=== Task brief ===
In the material below, print every line exactly and omit the pictures.
── Dataset
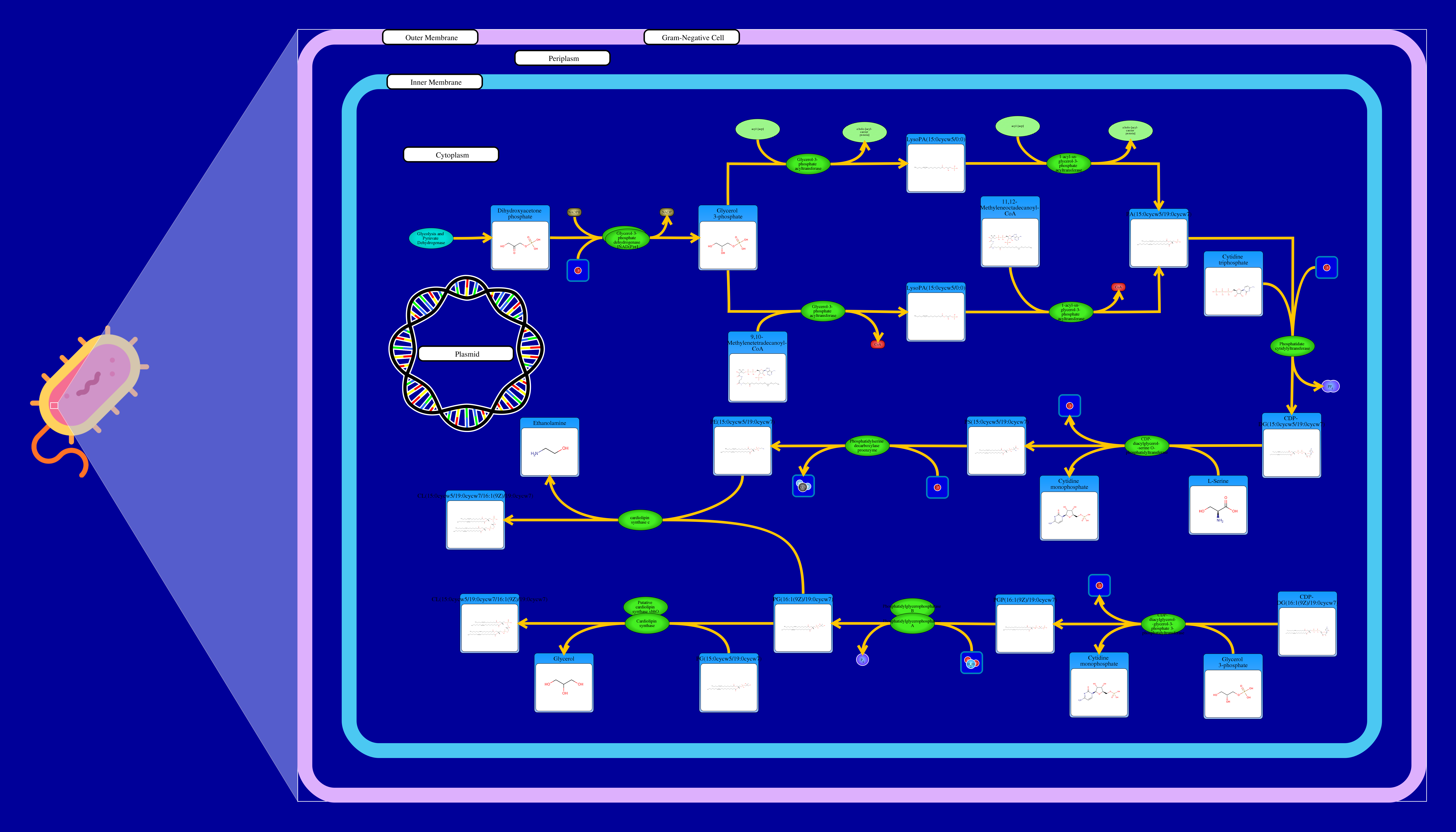 Phospholipids are membrane components in E. coli. The major phospholipids of E. coli are phosphatidylethanolamine, phosphatidylglycerol, and cardiolipin. All phospholipids contain sn-glycerol-3-phosphate esterified with fatty acids at the sn-1 and sn-2 positions. The reaction starts from a glycerone phosphate (dihydroxyacetone phosphate) produced in glycolysis. The glycerone phosphate is transformed into an sn-glycerol 3-phosphate (glycerol 3 phosphate) by NADPH-driven glycerol-3-phosphate dehydrogenase. sn-Glycerol 3-phosphate is transformed to a 1-acyl-sn-glycerol 3-phosphate (lysophosphatidic acid). This can be achieved by an sn-glycerol-3-phosphate acyltransferase that interacts either with a long-chain acyl-CoA or with an acyl-[acp]. The 1-acyl-sn-glycerol 3-phosphate is transformed into a 1,2-diacyl-sn-glycerol 3-phosphate (phosphatidic acid) through a 1-acylglycerol-3-phosphate O-acyltransferase. This compound is then converted into a CPD-diacylglycerol through a CTP phosphatidate cytididyltransferase. CPD-diacylglycerol can be transformed either into an L-1-phosphatidylserine or an L-1-phosphatidylglycerol-phosphate through a phosphatidylserine synthase or a phosphatidylglycerophosphate synthase, respectively. The L-1-phosphatidylserine transforms into L-1-phosphatidylethanolamine through a phosphatidylserine decarboxylase. On the other hand, L-1-phosphatidylglycerol-phosphate gets transformed into an L-1-phosphatidyl-glycerol through a phosphatidylglycerophosphatase. These 2 products combine to produce a cardiolipin and an ethanolamine. The L-1 phosphatidyl-glycerol can also interact with cardiolipin synthase resulting in a glycerol and a cardiolipin.
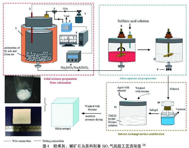 疏水SiO2氣凝膠的制備主要有3種方法:蒸汽后處理法、共前驅體法以及表面烷基化法,3種方式的核心均是將氣凝膠表面的親水基團轉化為疏水基團。其中蒸汽后處理法就是將濕凝膠置于甲醇蒸汽中,然后將其表面的Si-OH結構轉變為Si-0CH3結構,從而實現疏水改性。蒸汽后處理法一般仍采用TEOS或者TMOS作為前驅體材料,甲醇蒸汽溫度為220~ 240 C,改性時間為10~40h20。共前驅體法主要是采用含有部分不可水解基團的有機硅氧烷對常用的TEOS或者TMOS進行部分替代,進行共水解-縮聚反應,然后通過后期的很臨界干燥過程得以實現。由于不可水解側鏈基團的存在,采用共水解法制備的樣品一般具備更低的密度、較差的透明度,而疏水性能顯著提升。較常見的共水解劑包括甲基三甲氧基硅烷、乙基三甲氧基硅烷、正丙基三甲氧基硅烷、正丁基三甲氧基硅烷、乙烯基三甲氧基硅烷等。Li等以 正丙基三乙氧基硅烷為共水解劑,經常壓干燥制備了接觸角高達153的疏水氣凝膠,同時該氣凝膠的彈性模量顯著提升(0.21 MPa到0.35 MPa)。Yu等2也采用共前驅體法結合CO2很臨界干燥對于疏水SiO2氣凝膠進行了研究,該氣凝膠接觸角為152,疏水溫度達450 C。表面烷基化法就是采用三甲基氯硅烷(TMCS)、六甲基二硅 氮烷(HDMS)等疏水改性劑,對于濕凝膠進行表面改性,將其表面的Si-0H轉化為疏水的0Si-CH結構。Jeong等嗎以TEOS為硅源,其濕凝膠經TMCS疏水改性后,制備的氣凝膠接觸角高達143%。其他研究人員D4對于TEOS形成的濕凝膠結構采用HDMS進行疏水改性。2.3低成本Si02氣凝膠 低成本制備改性Si02氣凝膠材料主要從兩方面入手,一是采用價格低廉的水玻璃、粉煤灰、稻殼灰、礦渣等原料替代價格高昂的有機金屬醇鹽;二是采用低成本的常壓干燥技術取代很臨界干燥技術。由于常壓干燥技術中往往需要引入疏水改性劑,因此在這一過程中同時也實現了對SiO2氣凝膠的疏水改性。Cheng 等 23以粉煤灰為原料,采用堿激發法結合常壓干燥制備了低成本SiO2氣凝膠。該氣凝膠的密度為0.085g/cm3, 比表面積高達700m21g,接觸角為140%, 疏水溫度達360℃。Wu等 26以粉煤灰和堿礦石為原料,經固相煅燒、酸溶、表面改性、除雜、常壓干燥等過程制備了低成本SiO2氣凝膠(圖4)。該氣凝膠的接觸角高達151°,疏水溫度可保持至476℃。Feng 等27以稻殼灰為原料,經常壓干燥制備了低成本SiO2氣凝膠。該氣凝膠比表面積較高可達 400℃。Pan 等網以水玻璃為原料,經常壓干燥在4h內成功制備了低成本疏水Si02氣凝膠顆粒,其顆粒粒徑在20 nm左右,接觸角高達162%。
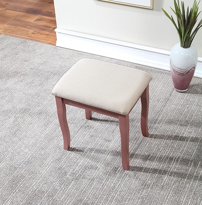 - Hand-applied rose gold finish. Ample storage space for makeups and jewelries. The matching stool is thickly padded, upholstered with a beige colored fabric
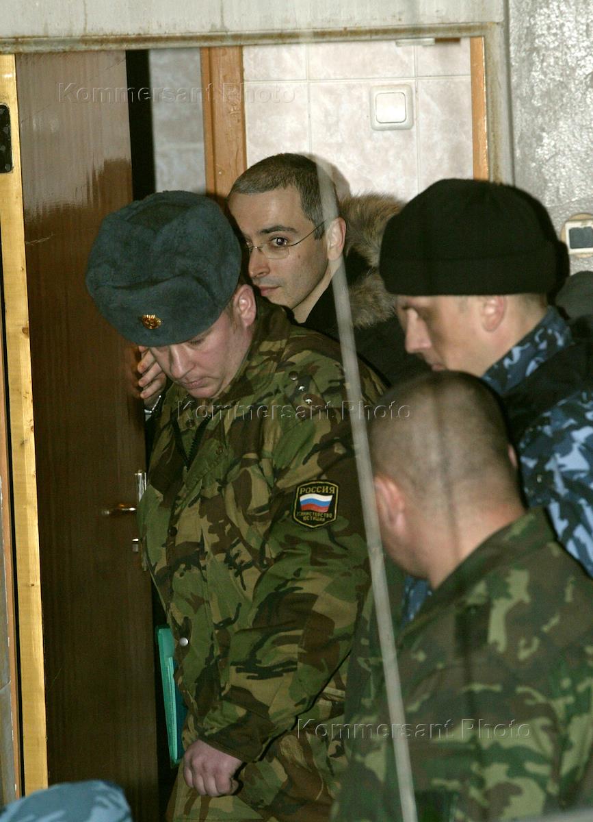 Former CEO and major shareholder of Yukos oil company Mikhail Khodorkovsky is convoyed to the Moscow Basmanny Court. The court prolongated Mr Khodorkovsky's preliminary confinement by three months - to March 25, 2004.
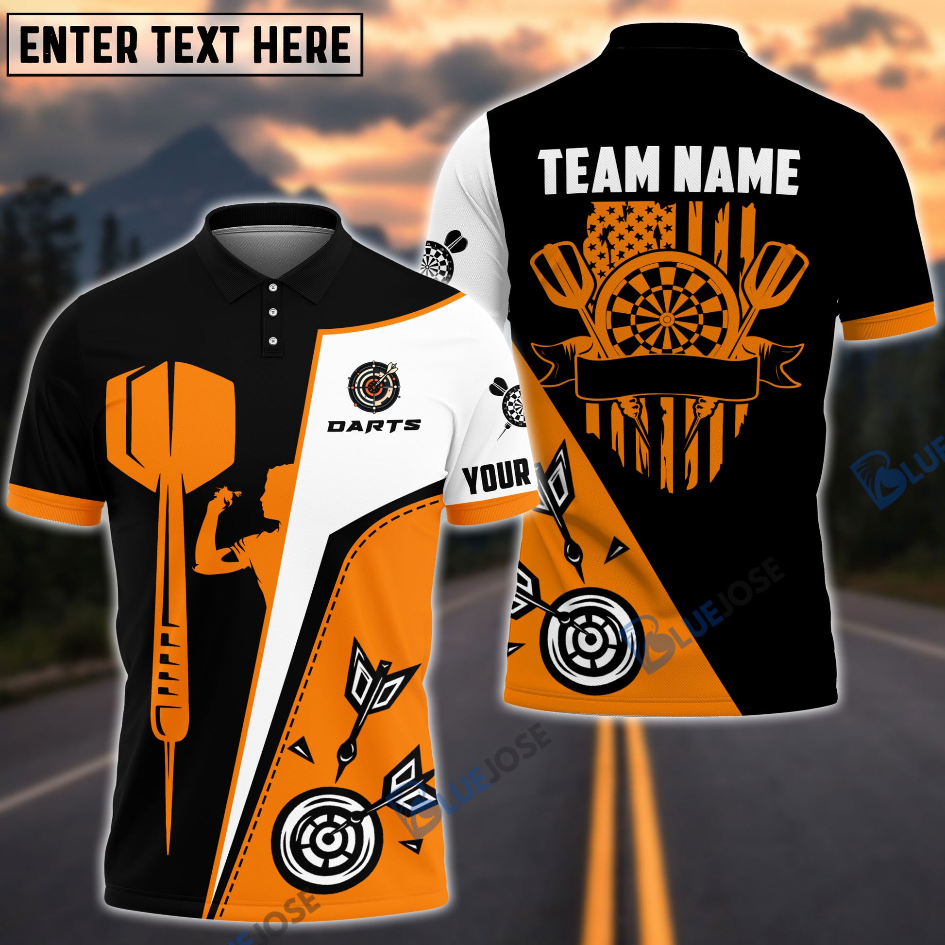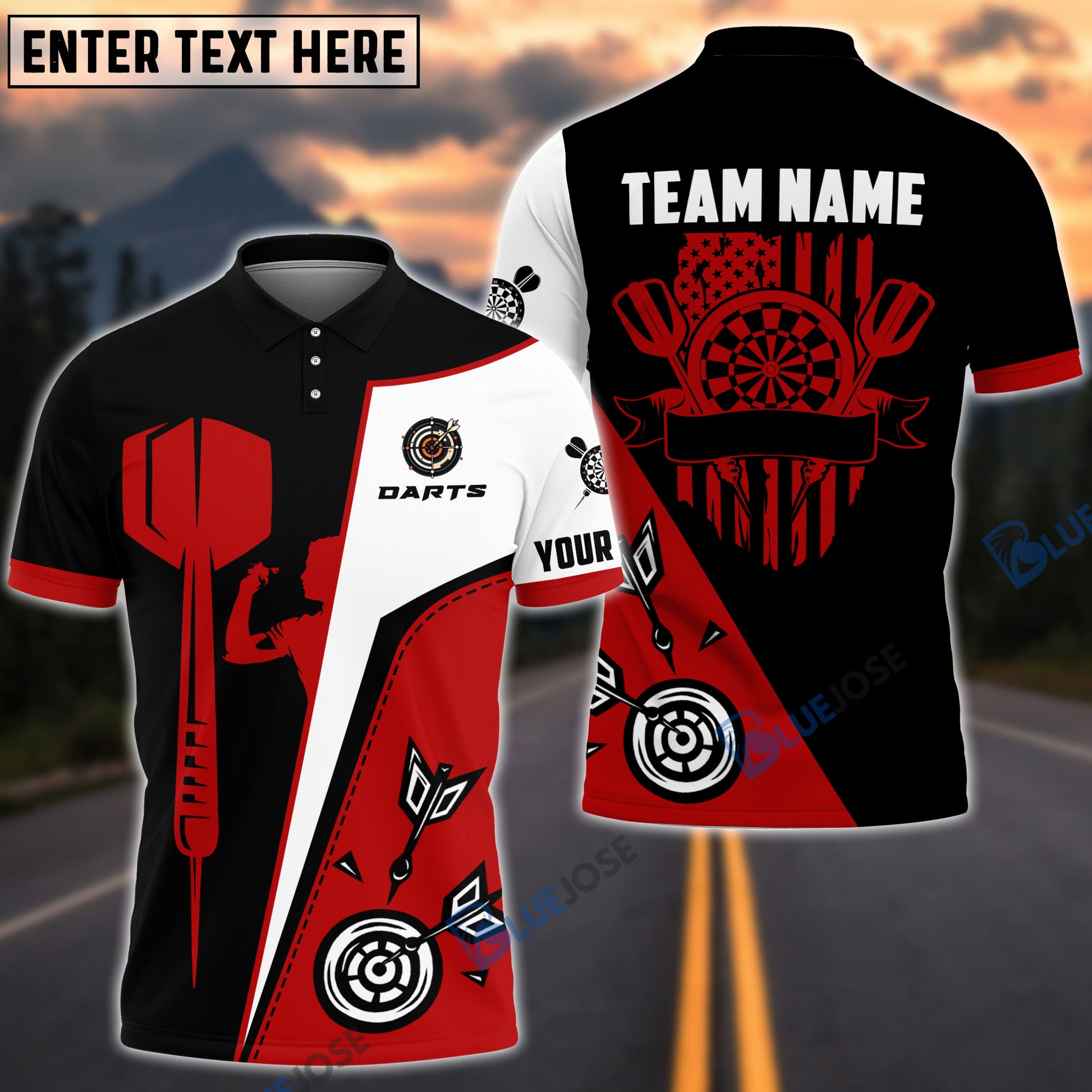 BlueJose Dart Board US Flag Personalized Name, Team Name 3D Shirt (4 Colors)
────
=== Written reply ===
 Phospholipids are membrane components in E. coli. The major phospholipids of E. coli are phosphatidylethanolamine, phosphatidylglycerol, and cardiolipin. All phospholipids contain sn-glycerol-3-phosphate esterified with fatty acids at the sn-1 and sn-2 positions. The reaction starts from a glycerone phosphate (dihydroxyacetone phosphate) produced in glycolysis. The glycerone phosphate is transformed into an sn-glycerol 3-phosphate (glycerol 3 phosphate) by NADPH-driven glycerol-3-phosphate dehydrogenase. sn-Glycerol 3-phosphate is transformed to a 1-acyl-sn-glycerol 3-phosphate (lysophosphatidic acid). This can be achieved by an sn-glycerol-3-phosphate acyltransferase that interacts either with a long-chain acyl-CoA or with an acyl-[acp]. The 1-acyl-sn-glycerol 3-phosphate is transformed into a 1,2-diacyl-sn-glycerol 3-phosphate (phosphatidic acid) through a 1-acylglycerol-3-phosphate O-acyltransferase. This compound is then converted into a CPD-diacylglycerol through a CTP phosphatidate cytididyltransferase. CPD-diacylglycerol can be transformed either into an L-1-phosphatidylserine or an L-1-phosphatidylglycerol-phosphate through a phosphatidylserine synthase or a phosphatidylglycerophosphate synthase, respectively. The L-1-phosphatidylserine transforms into L-1-phosphatidylethanolamine through a phosphatidylserine decarboxylase. On the other hand, L-1-phosphatidylglycerol-phosphate gets transformed into an L-1-phosphatidyl-glycerol through a phosphatidylglycerophosphatase. These 2 products combine to produce a cardiolipin and an ethanolamine. The L-1 phosphatidyl-glycerol can also interact with cardiolipin synthase resulting in a glycerol and a cardiolipin.
 疏水SiO2氣凝膠的制備主要有3種方法:蒸汽后處理法、共前驅體法以及表面烷基化法,3種方式的核心均是將氣凝膠表面的親水基團轉化為疏水基團。其中蒸汽后處理法就是將濕凝膠置于甲醇蒸汽中,然后將其表面的Si-OH結構轉變為Si-0CH3結構,從而實現疏水改性。蒸汽后處理法一般仍采用TEOS或者TMOS作為前驅體材料,甲醇蒸汽溫度為220~ 240 C,改性時間為10~40h20。共前驅體法主要是采用含有部分不可水解基團的有機硅氧烷對常用的TEOS或者TMOS進行部分替代,進行共水解-縮聚反應,然后通過后期的很臨界干燥過程得以實現。由于不可水解側鏈基團的存在,采用共水解法制備的樣品一般具備更低的密度、較差的透明度,而疏水性能顯著提升。較常見的共水解劑包括甲基三甲氧基硅烷、乙基三甲氧基硅烷、正丙基三甲氧基硅烷、正丁基三甲氧基硅烷、乙烯基三甲氧基硅烷等。Li等以 正丙基三乙氧基硅烷為共水解劑,經常壓干燥制備了接觸角高達153的疏水氣凝膠,同時該氣凝膠的彈性模量顯著提升(0.21 MPa到0.35 MPa)。Yu等2也采用共前驅體法結合CO2很臨界干燥對于疏水SiO2氣凝膠進行了研究,該氣凝膠接觸角為152,疏水溫度達450 C。表面烷基化法就是采用三甲基氯硅烷(TMCS)、六甲基二硅 氮烷(HDMS)等疏水改性劑,對于濕凝膠進行表面改性,將其表面的Si-0H轉化為疏水的0Si-CH結構。Jeong等嗎以TEOS為硅源,其濕凝膠經TMCS疏水改性后,制備的氣凝膠接觸角高達143%。其他研究人員D4對于TEOS形成的濕凝膠結構采用HDMS進行疏水改性。2.3低成本Si02氣凝膠 低成本制備改性Si02氣凝膠材料主要從兩方面入手,一是采用價格低廉的水玻璃、粉煤灰、稻殼灰、礦渣等原料替代價格高昂的有機金屬醇鹽;二是采用低成本的常壓干燥技術取代很臨界干燥技術。由于常壓干燥技術中往往需要引入疏水改性劑,因此在這一過程中同時也實現了對SiO2氣凝膠的疏水改性。Cheng 等 23以粉煤灰為原料,采用堿激發法結合常壓干燥制備了低成本SiO2氣凝膠。該氣凝膠的密度為0.085g/cm3, 比表面積高達700m21g,接觸角為140%, 疏水溫度達360℃。Wu等 26以粉煤灰和堿礦石為原料,經固相煅燒、酸溶、表面改性、除雜、常壓干燥等過程制備了低成本SiO2氣凝膠(圖4)。該氣凝膠的接觸角高達151°,疏水溫度可保持至476℃。Feng 等27以稻殼灰為原料,經常壓干燥制備了低成本SiO2氣凝膠。該氣凝膠比表面積較高可達 400℃。Pan 等網以水玻璃為原料,經常壓干燥在4h內成功制備了低成本疏水Si02氣凝膠顆粒,其顆粒粒徑在20 nm左右,接觸角高達162%。
 - Hand-applied rose gold finish. Ample storage space for makeups and jewelries. The matching stool is thickly padded, upholstered with a beige colored fabric
 Former CEO and major shareholder of Yukos oil company Mikhail Khodorkovsky is convoyed to the Moscow Basmanny Court. The court prolongated Mr Khodorkovsky's preliminary confinement by three months - to March 25, 2004.
 BlueJose Dart Board US Flag Personalized Name, Team Name 3D Shirt (4 Colors)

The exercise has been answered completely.